-------- DATA EXCERPT --------

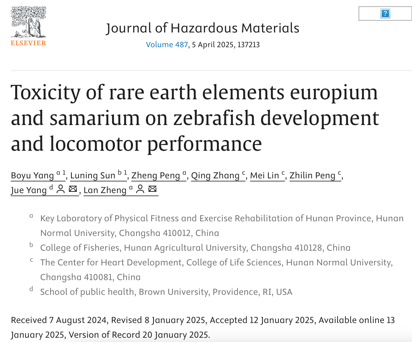 Research Highlight: Toxicity of Rare Earth Elements Europium and Samarium on Zebrafish Development and Locomotor Performance
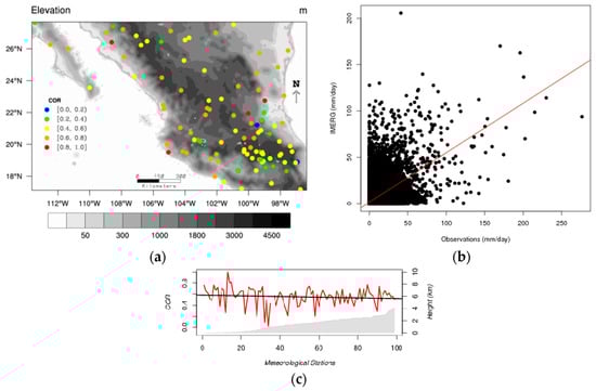 (a) Correlation (COR) map; (b) scatter plot for daily precipitation events and (c) correlation as a function of meteorological stations elevations (red line); the black line shows the trend and the elevation of the meteorological stations is represented by the gray, shaded area. IMERG estimates and gauge daily data from 1 April 2014 to 31 October 2015 have been used for these calculations.
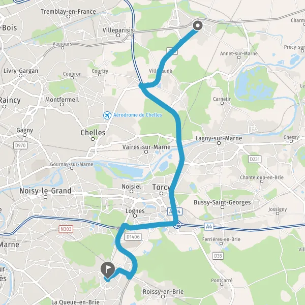 | Distance en voiture | 23,1 km à 25,2 km |

--------

> _PROBLEM STATEMENT_
The response should be the full material, repeated exactly, with images removed.

> _PROBLEM SOLUTION_
 Research Highlight: Toxicity of Rare Earth Elements Europium and Samarium on Zebrafish Development and Locomotor Performance
 (a) Correlation (COR) map; (b) scatter plot for daily precipitation events and (c) correlation as a function of meteorological stations elevations (red line); the black line shows the trend and the elevation of the meteorological stations is represented by the gray, shaded area. IMERG estimates and gauge daily data from 1 April 2014 to 31 October 2015 have been used for these calculations.
 | Distance en voiture | 23,1 km à 25,2 km |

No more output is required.